## Supplied records
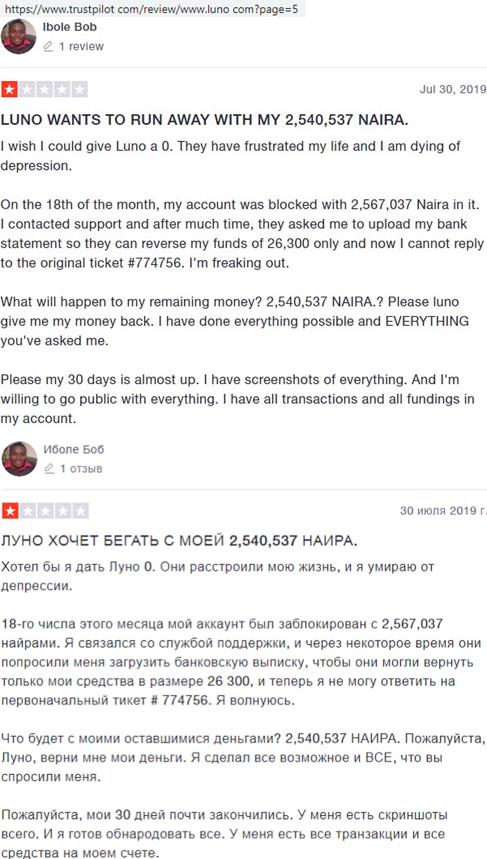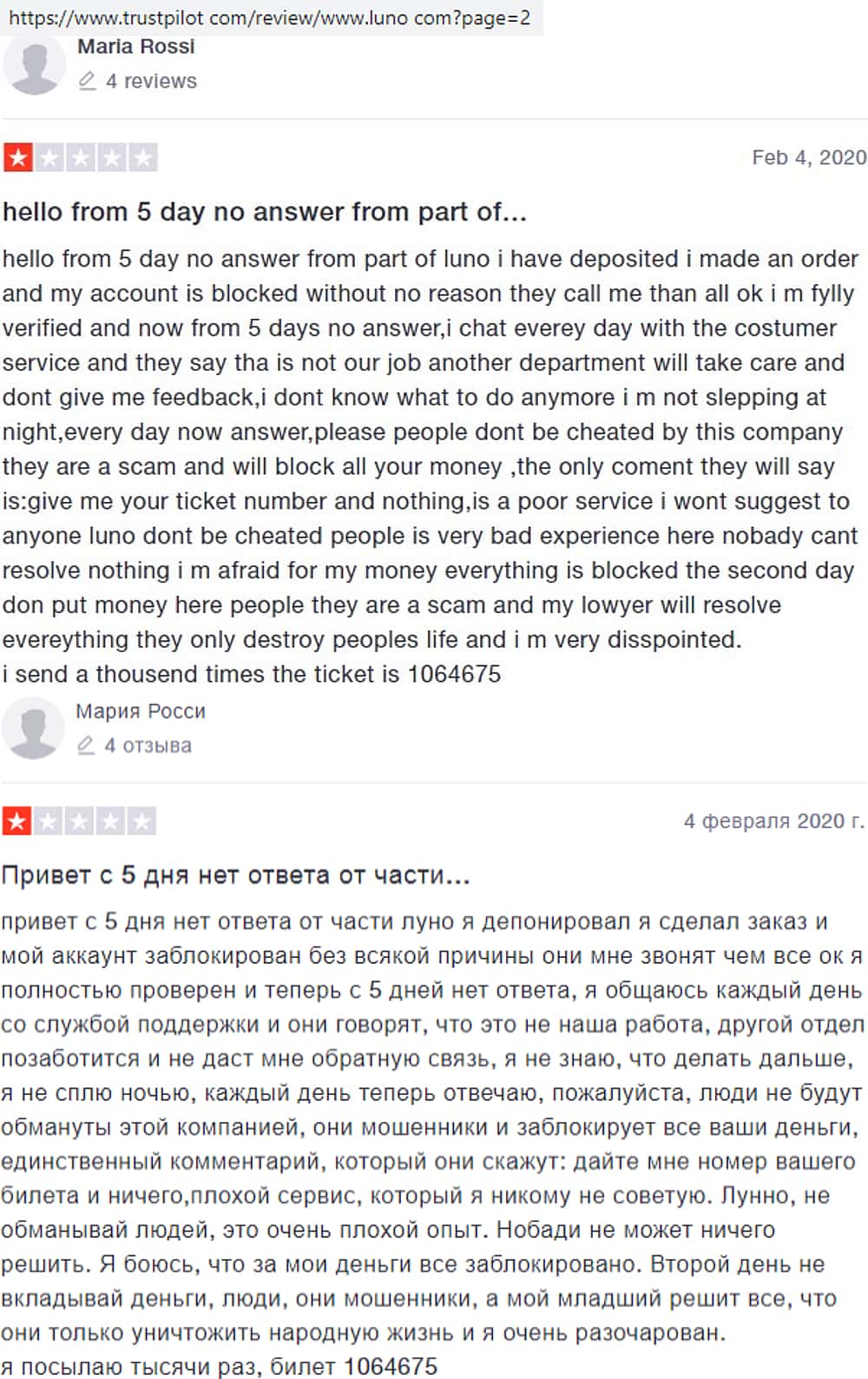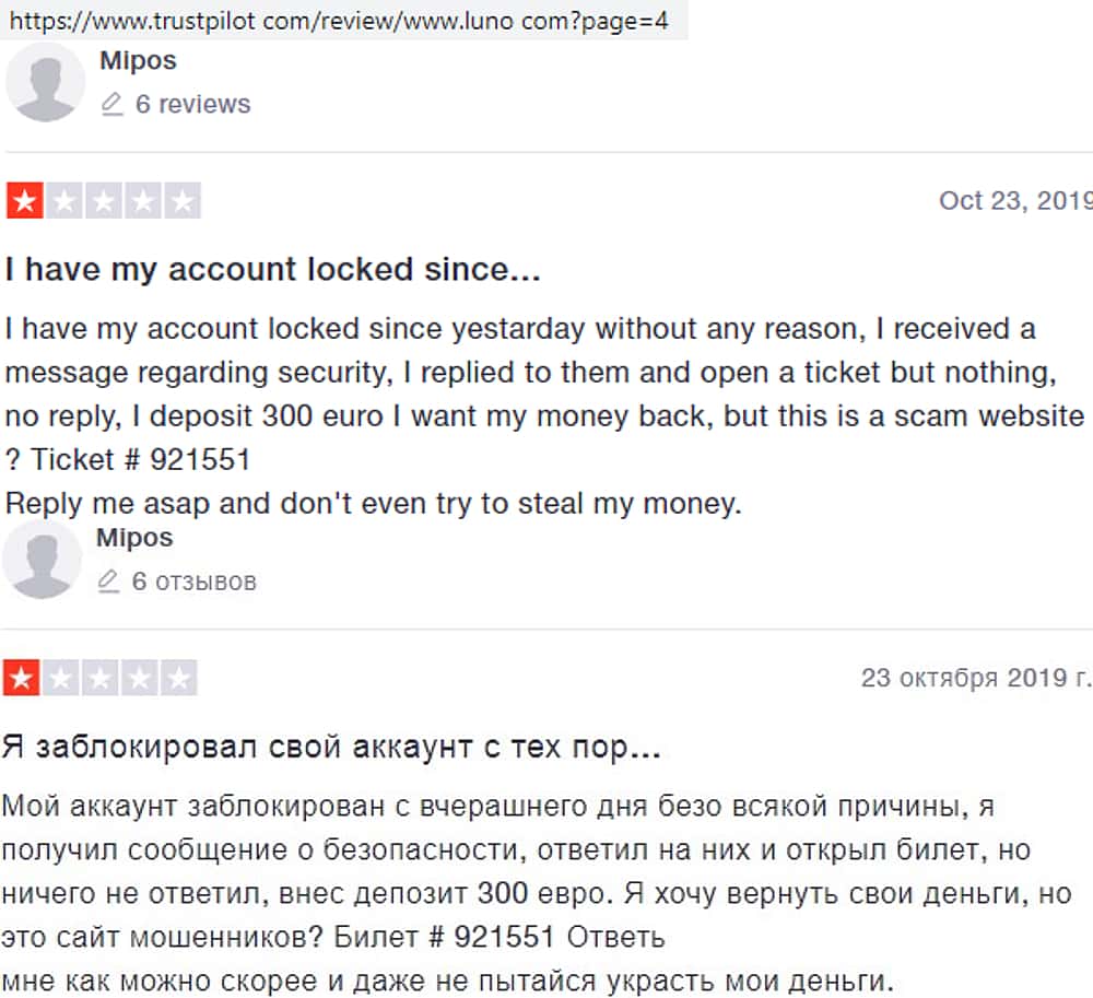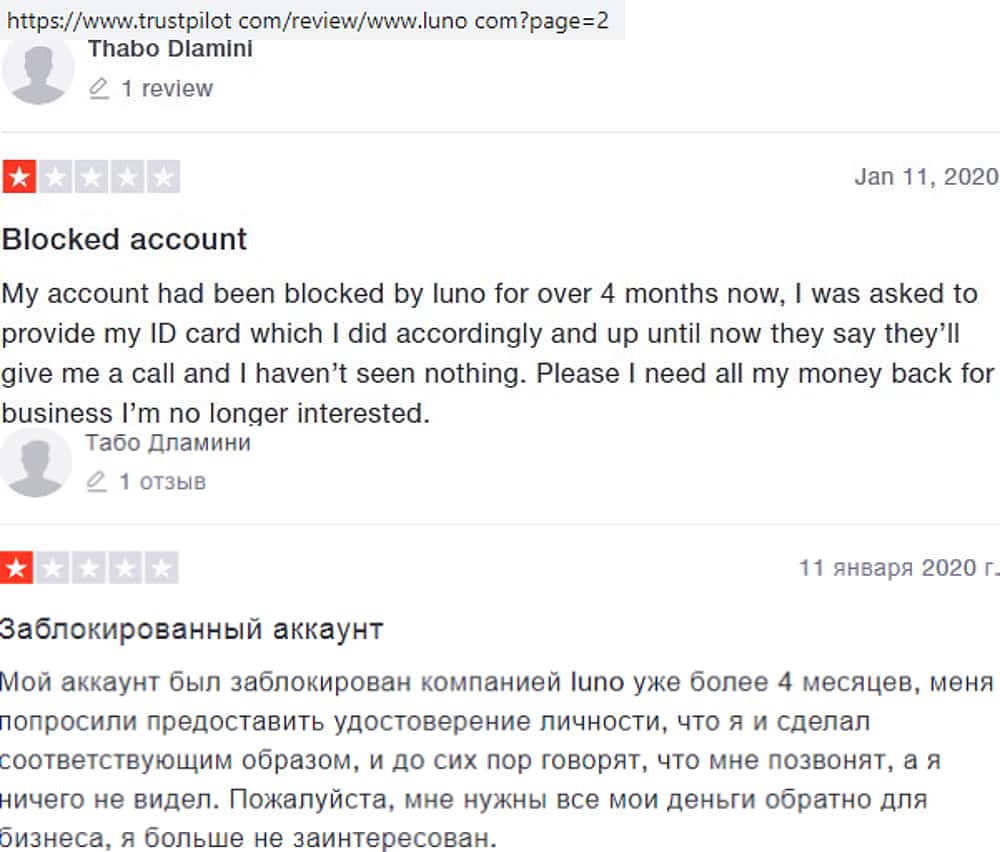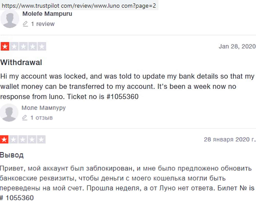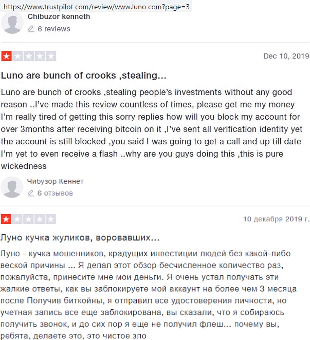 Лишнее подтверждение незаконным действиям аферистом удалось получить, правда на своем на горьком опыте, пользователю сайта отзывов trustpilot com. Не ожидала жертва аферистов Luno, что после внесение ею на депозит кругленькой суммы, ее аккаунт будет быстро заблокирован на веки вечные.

---

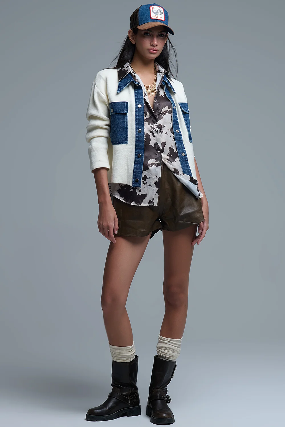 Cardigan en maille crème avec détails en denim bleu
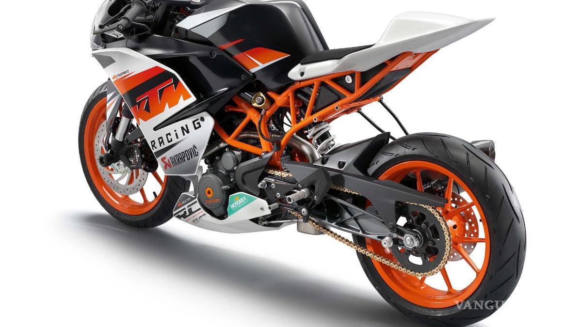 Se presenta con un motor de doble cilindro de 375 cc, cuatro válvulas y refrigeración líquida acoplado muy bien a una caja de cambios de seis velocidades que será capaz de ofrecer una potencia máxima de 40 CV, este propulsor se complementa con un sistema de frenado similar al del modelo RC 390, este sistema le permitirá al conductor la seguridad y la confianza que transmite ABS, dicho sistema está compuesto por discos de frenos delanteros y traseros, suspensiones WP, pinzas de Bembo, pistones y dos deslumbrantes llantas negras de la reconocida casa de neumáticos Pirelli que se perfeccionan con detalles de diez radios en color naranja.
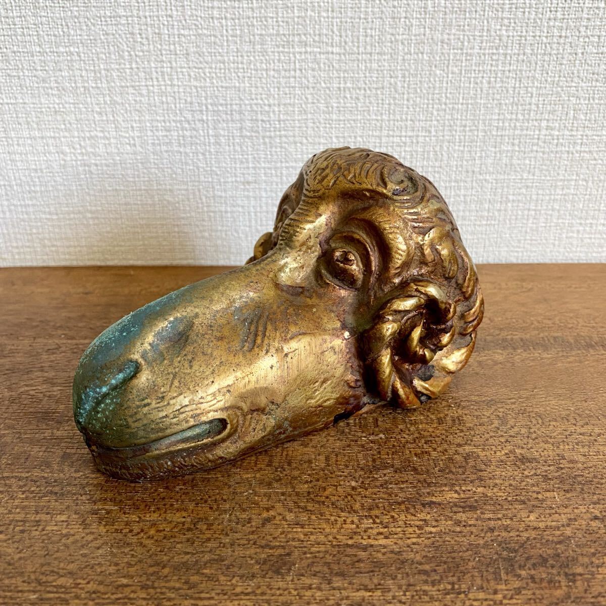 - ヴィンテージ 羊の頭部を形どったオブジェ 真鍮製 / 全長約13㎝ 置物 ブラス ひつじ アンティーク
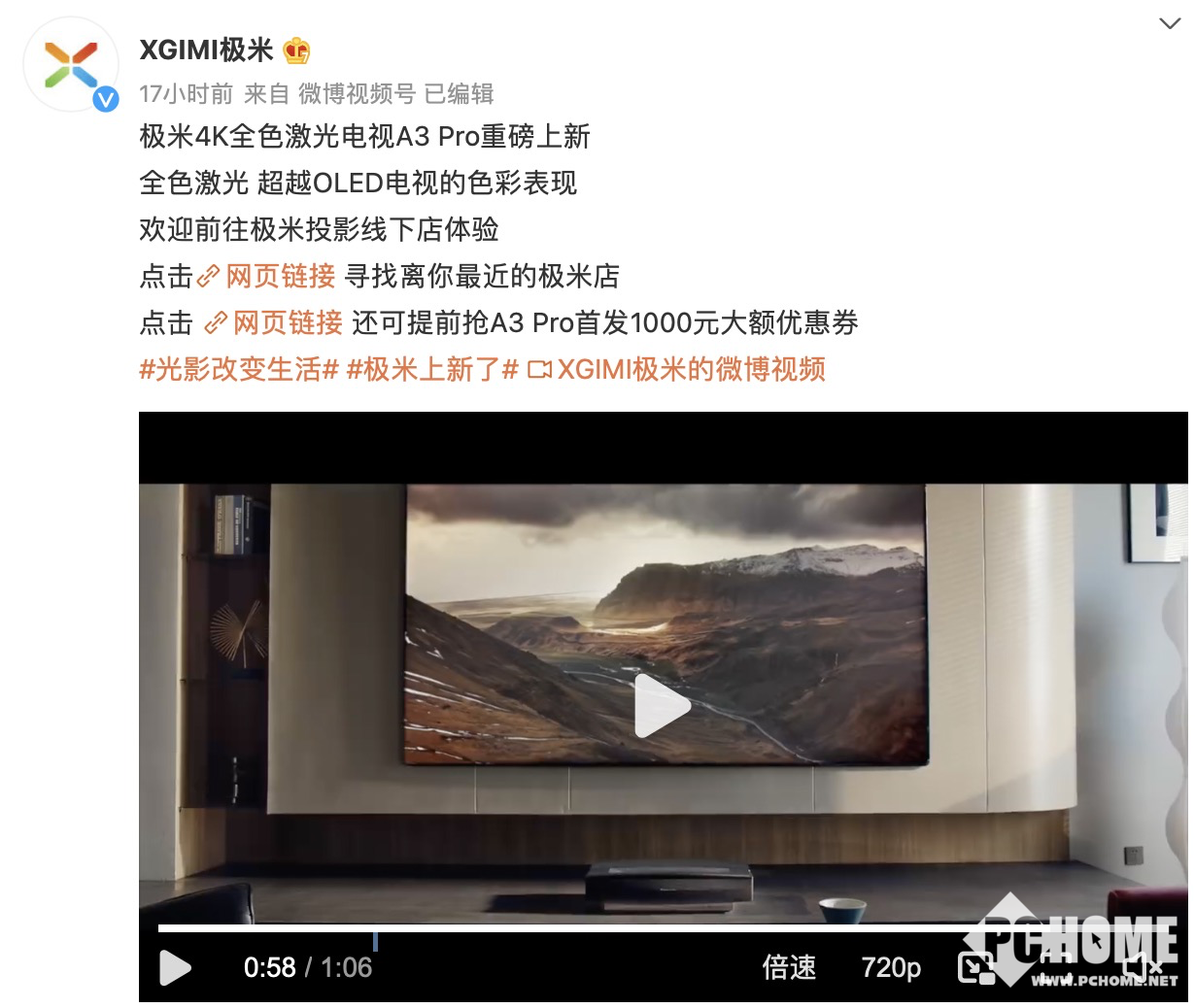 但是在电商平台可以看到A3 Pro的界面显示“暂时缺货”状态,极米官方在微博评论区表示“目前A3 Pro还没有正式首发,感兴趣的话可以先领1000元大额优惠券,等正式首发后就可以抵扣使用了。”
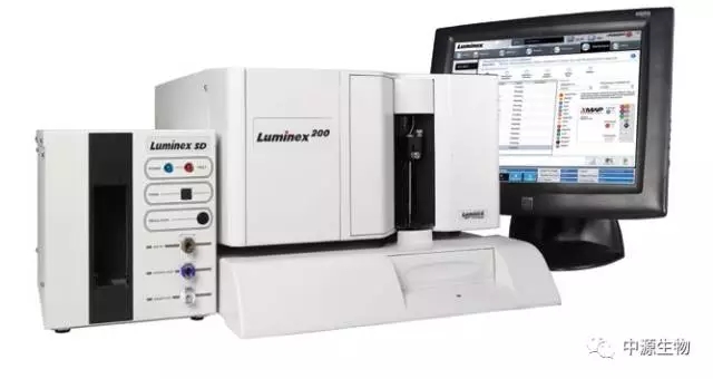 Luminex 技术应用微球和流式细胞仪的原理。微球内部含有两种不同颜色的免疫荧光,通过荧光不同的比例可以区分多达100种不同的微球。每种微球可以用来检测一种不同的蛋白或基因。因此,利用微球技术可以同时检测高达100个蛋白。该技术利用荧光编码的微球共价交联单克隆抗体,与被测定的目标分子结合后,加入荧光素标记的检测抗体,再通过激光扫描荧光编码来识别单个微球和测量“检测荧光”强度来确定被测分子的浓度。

## What you need to do
Repeat, without pictures, exactly the lines of the data above from the one containing "Cardigan en maille" through the one containing "Luminex 技术应用微球", including both and adding nothing.

## Solution for this problem
 Cardigan en maille crème avec détails en denim bleu
 Se presenta con un motor de doble cilindro de 375 cc, cuatro válvulas y refrigeración líquida acoplado muy bien a una caja de cambios de seis velocidades que será capaz de ofrecer una potencia máxima de 40 CV, este propulsor se complementa con un sistema de frenado similar al del modelo RC 390, este sistema le permitirá al conductor la seguridad y la confianza que transmite ABS, dicho sistema está compuesto por discos de frenos delanteros y traseros, suspensiones WP, pinzas de Bembo, pistones y dos deslumbrantes llantas negras de la reconocida casa de neumáticos Pirelli que se perfeccionan con detalles de diez radios en color naranja.
 - ヴィンテージ 羊の頭部を形どったオブジェ 真鍮製 / 全長約13㎝ 置物 ブラス ひつじ アンティーク
 但是在电商平台可以看到A3 Pro的界面显示“暂时缺货”状态,极米官方在微博评论区表示“目前A3 Pro还没有正式首发,感兴趣的话可以先领1000元大额优惠券,等正式首发后就可以抵扣使用了。”
 Luminex 技术应用微球和流式细胞仪的原理。微球内部含有两种不同颜色的免疫荧光,通过荧光不同的比例可以区分多达100种不同的微球。每种微球可以用来检测一种不同的蛋白或基因。因此,利用微球技术可以同时检测高达100个蛋白。该技术利用荧光编码的微球共价交联单克隆抗体,与被测定的目标分子结合后,加入荧光素标记的检测抗体,再通过激光扫描荧光编码来识别单个微球和测量“检测荧光”强度来确定被测分子的浓度。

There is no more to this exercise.